On the other side, Popovich and Duncan are trying to continue their streak of never missing opportunities. The duo are 4-0 in NBA Finals appearances together, having been so dominant in three of them that the result almost felt pre-ordained. They are also trying to win championships 14 years apart from their first, the type of historical feat that will undoubtedly appear someday on Jeopardy

One of those Finals appearances was James, defanging his Cleveland Cavaliers in four games in 2007. Should San Antonio win, it would just add another layer to this team's history—LeBron Killers. 

And those are just the two major overarching storylines. There plenty more. Dwayne Wade's battle with immortality, Tony Parker's quiet ascent up the all-time point guard ladder, Shane Battier and Ray Allen's shooting woes and the burgeoning Kawhi Leonard all hold a place in this series. 

And that's why this series is so unbelievably thrilling. 

The best postseasons series aren't mere competitions between the two best teams in a respective sport. You can get that every year. Historic series are the ones that tug deep at your insides, to the core of your heart as a sports fan. They're the seven-game slogs that carry connotations vast and wide-reaching for all the parties involved; ones that involve luminaries that we'll someday be deifying to our grandkids as they look at their iPad 67s, the same way we once did when our grandparents mentioned Bill Russell or Jerry West. 

LeBron James, Gregg Popovich, Dwyane Wade, Tim Duncan and Tony Parker are all guaranteed Hall of Famers.
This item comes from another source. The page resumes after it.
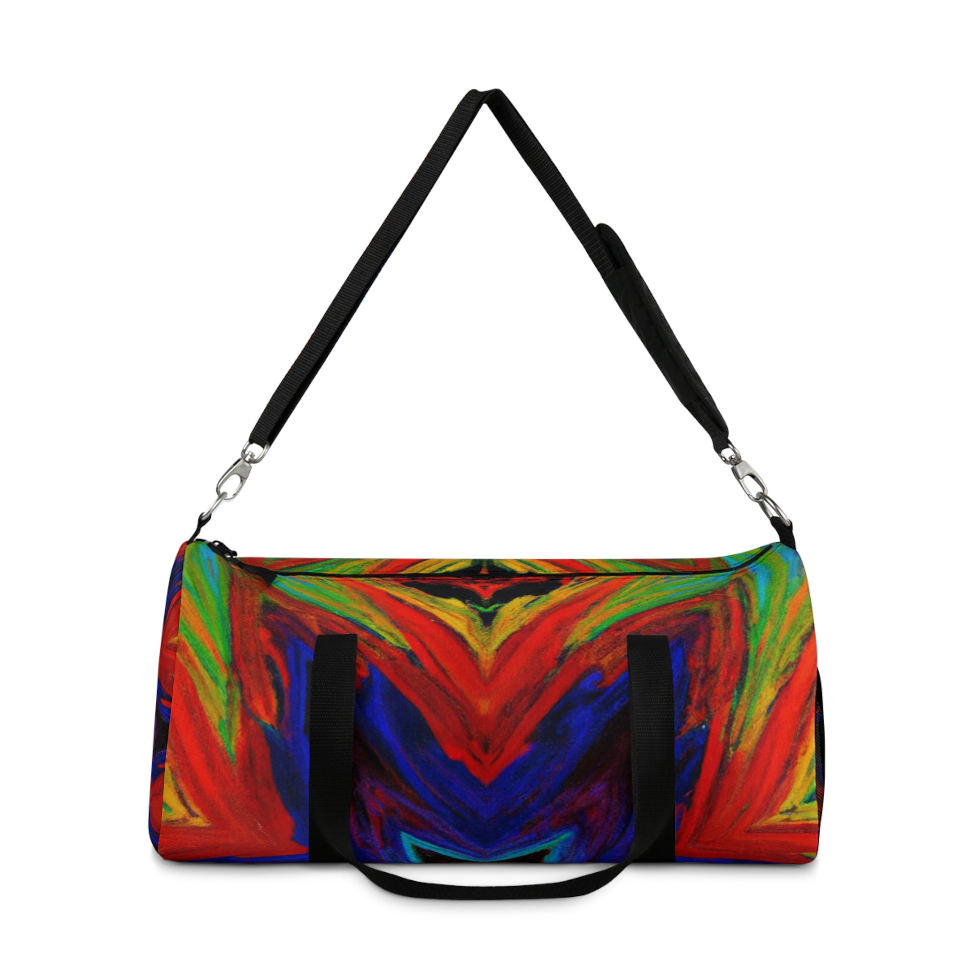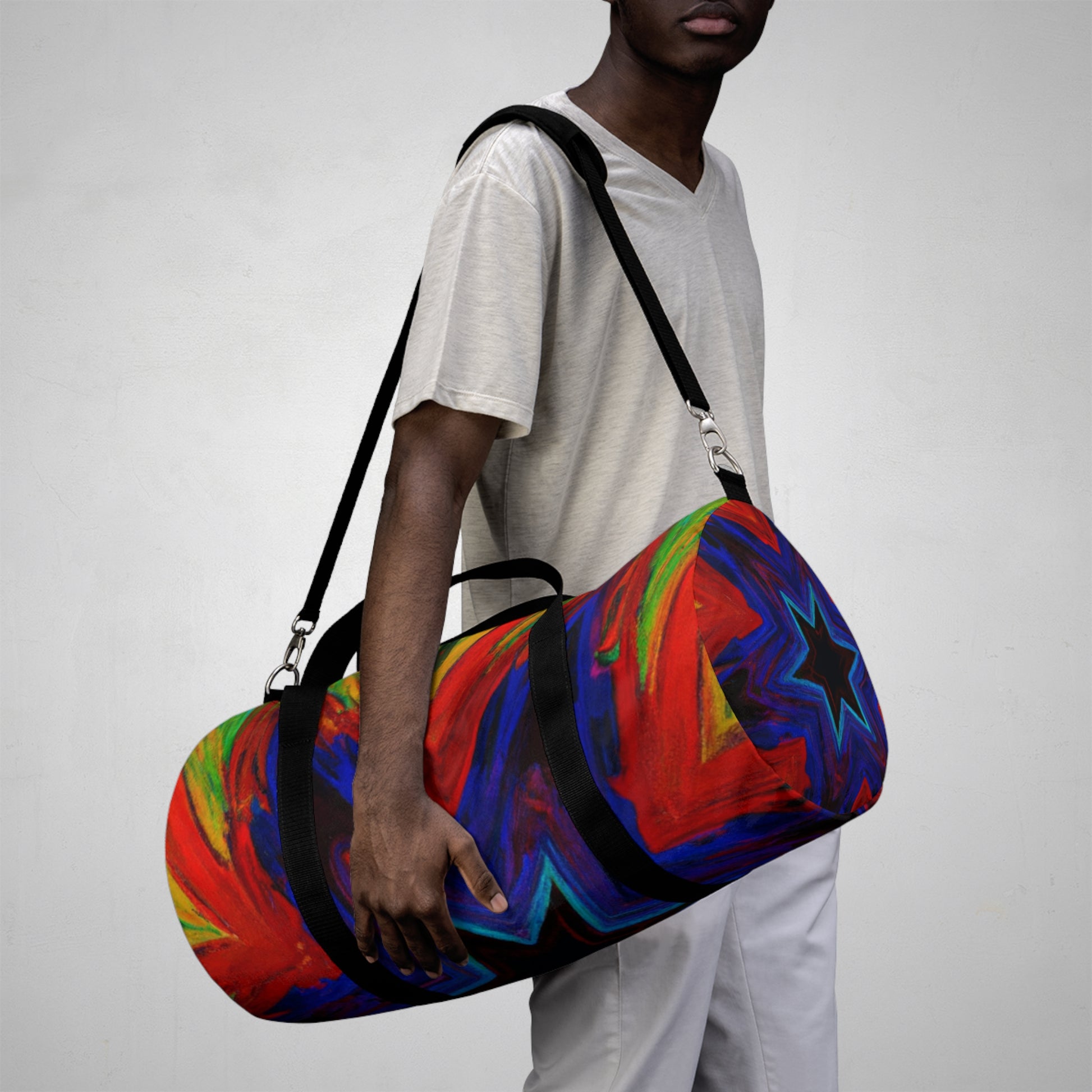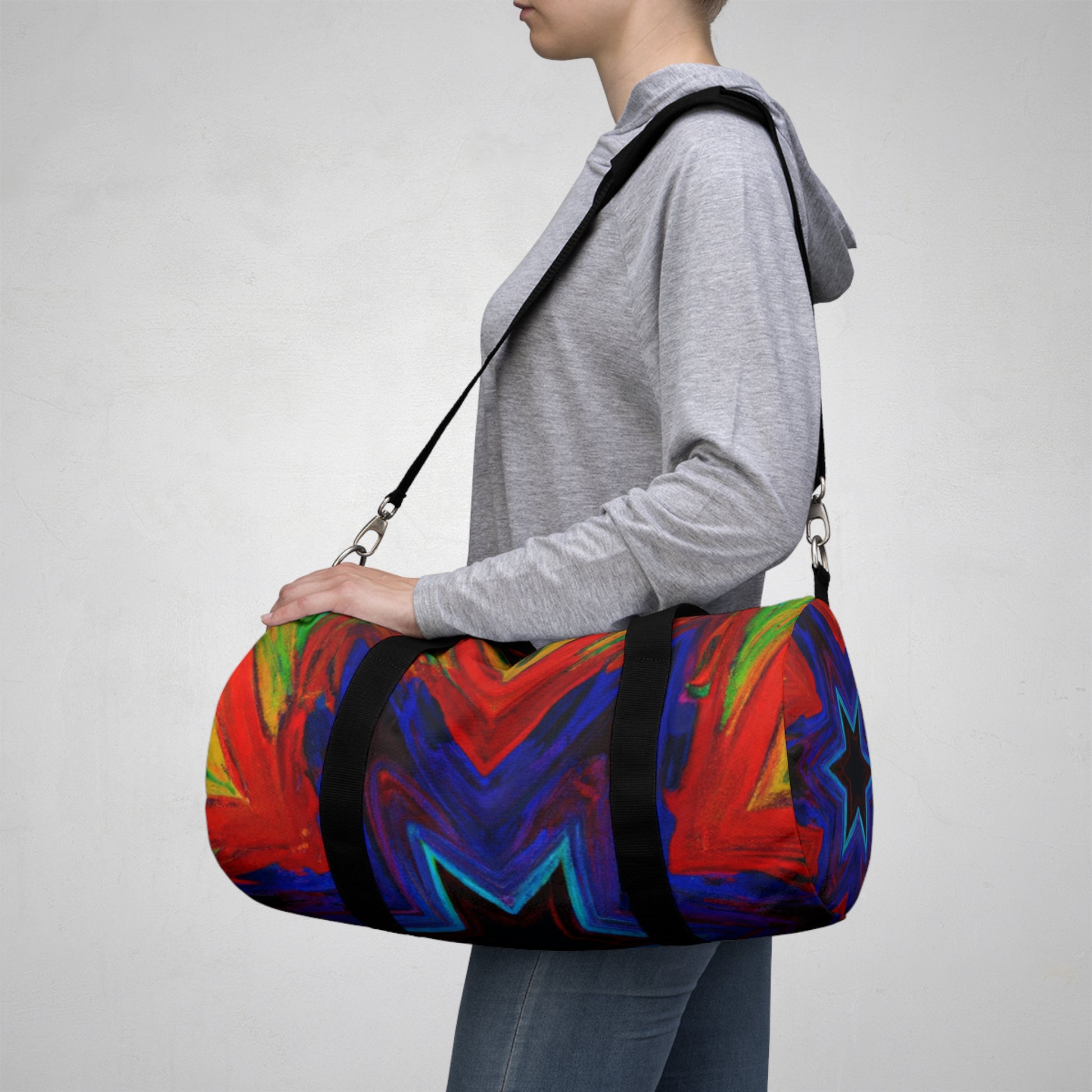 This statement-making duffle bag is art come to life! The Trippy Stars, Kaleidoscope, Abstract, Digital Art, and 3D Lines all come together in a unique and vibrantly colored design. Whether making an everyday statement or showing off your funky style, this duffle bag will make you stand out from the crowd! #dufflebag #bag #style #fashion #statementpiece #kaleidoscope #trippy #stars #abstract #vibrant #digitalart #3dlines #trendy #streetstyle #standout #unique #trendsetter #3D #lines #pattern #colorful #onpoint #baggage #travelbag #travelstyle #travellook #bagpack

In the case of Popovich, Duncan and James, they're among the 10 greatest to ever do their respective jobs.

Miami and San Antonio are so evenly matched heading into this series, for reasons of both injury and momentum, that it's impossible to predict the outcome. Doing so with any veracity is a fool's errand, posturing just to hear oneself speak.

As for the range of outcomes? Those are innumerable as well. 
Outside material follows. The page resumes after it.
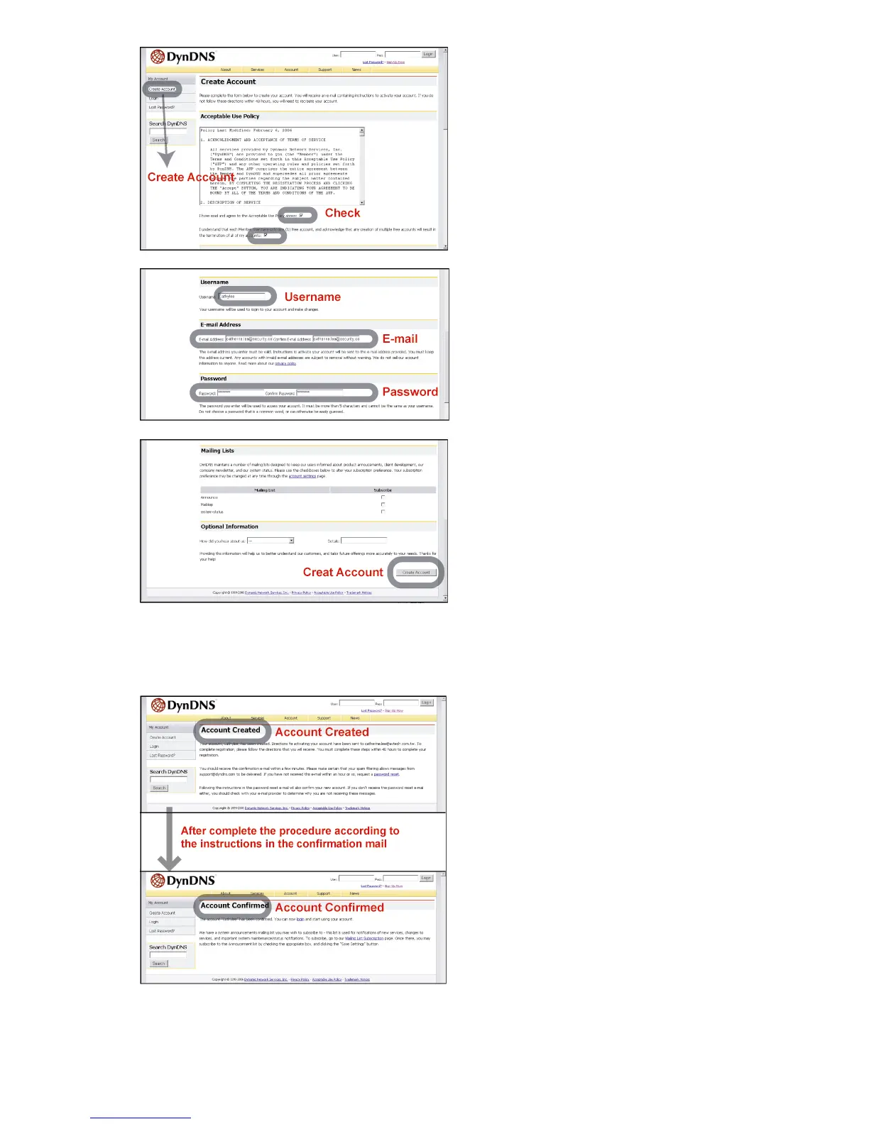 ‧ Then, you will see the screen “Account Created”, and Dyndns will email the instructions to your specified E-mail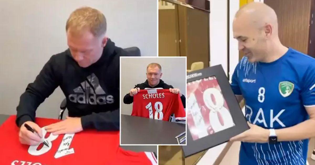 Прошло более десяти лет, а Иньеста до сих пор большой поклонник Пола Скоулза. Недавно он получил от него футболку с персональным посланием.

It's possible that Miami's struggles have all been a gigantic tease. That Dwayne Wade will suddenly morph back into the Robin role he played so well last year despite injury; that Battier and Allen will find their three-point shot; that Bosh will remember the post exists; that Indiana was simply a bump in the road and we're all just continuing to watch the coronation of LeBron James, G.O.A.T., and we should just shut up and allow greatness to happen.

It's also possible that the Spurs have finally figured it all out. That Parker will eviscerate the Heat's trapping scheme with his brilliance; that Popovich will mop the coaching floor with Erik Spoelstra; that Duncan will finally cement itself as the best player of his generation. 

Or it could be a seven-game thrill ride. Who knows. And, frankly, who cares what someone thinks before the action gets underway. 

The series is mere hours from getting underway, and I for one cannot wait to see what these teams have in store. Something tells me we'll want to remember this.